My tips for getting through a rocky and nauseating depression after the arrival of your child:

(1) Take really good care of yourself; do whatever it takes to get enough sleep, including spending the night at a friend’s or arranging a time and place for napping. NOTHING WILL WORK OUT IF YOU ARE SLEEP DEPRIVED.

(2) Make yourself eat and shower and exercise.

(3) Get help. HIRE help if you need to, even if you think you can't afford it. If you feel yourself spiraling into depression, you can't get out of it alone. While a babysitter is there, sleep or exercise or read or eat or go the library or do anything refreshing and pleasant other than caring for this darn child.

(4) Put Feelings on a back-burner. This is not the time for Feelings. If you could express your feelings right now, you’d be saying things like, “Oh my God, I must have lost my mind to think that I can handle this, to think that I wanted a child like this. I’ll never manage to raise this child; I’m way way way way over my head. I’ll never spend time with my spouse or friends again; my older children are going to waste away in profound neglect; my career is finished. I am completely and utterly trapped.” You see? What’s the point of expressing all that right now? Put Feelings in the deep freeze. Live a material life instead: wake, dress, eat, walk. Let your hands and words mother the new child, don't pause to look back, to reflect, or to experience emotions. "Shut up, Emotions," you'll say. "I'll check back with you in six months to see if you've pulled yourselves together. But no whining meanwhile!"

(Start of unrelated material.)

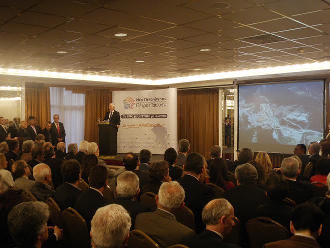 «Η νίκη μας στις 18 Μαΐου θα είναι νίκη πρώτα για την Πελοπόννησο και μετά για την χώρα γιατί θα επισφραγίσει το νέο μοντέλο που εμείς φέραμε πριν από τέσσερα χρόνια» τόνισε ο Περιφερειάρχης Πελοποννήσου Πέτρος Τατούλης στην πολιτική ομιλία του σε μια ασφυκτικά γεμάτη αίθουσα του ξενοδοχείου DivaniCaravel στην Αθήνα τη Δευτέρα 5 Μαΐου 2014 και πρόσθεσε ότι «Το μοντέλο της Νέας Πελοποννήσου είναι αυτό που άφησε πίσω του τα κομματικά χαρακώματα και απέδειξε ότι μπορεί να πετυχαίνει στόχους ακόμη και μέσα στην βαθύτερη κρίση».

(5) Pick up something to read that carries you away. I’ve found that reading about Paleolithic art engenders deep calm and a sense of remove. There’s something about studying 40,000 year old cave painting that makes you feel you can survive the sound of your new child’s voice the next morning.

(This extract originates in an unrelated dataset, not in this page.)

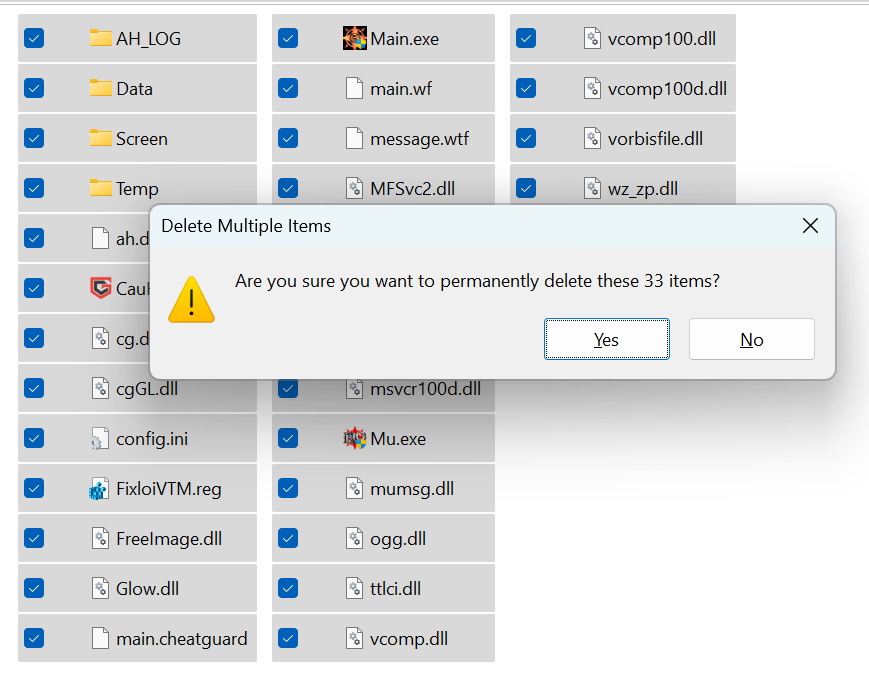 - Cách 2: Vào thư mục chứa game bằng File Explorer, Chọn tất cả các file trong thư mục MU Thiên Tử rồi bấm Shift + DEL trên bàn phím, chọn Yes

(6) Let yourself off the hook. This is not your fault. You’ve done a grand thing—you’ve gone out into the world in search of a child and, despite every obstacle over tens of thousands of miles, you’ve brought the child home. It's all going to work out in time. Meanwhile, you’re exhausted. This is all really hard. If it were easy, everyone would do it. You’re doing fine. Just rest up, find something to laugh about, and give Feelings the month off.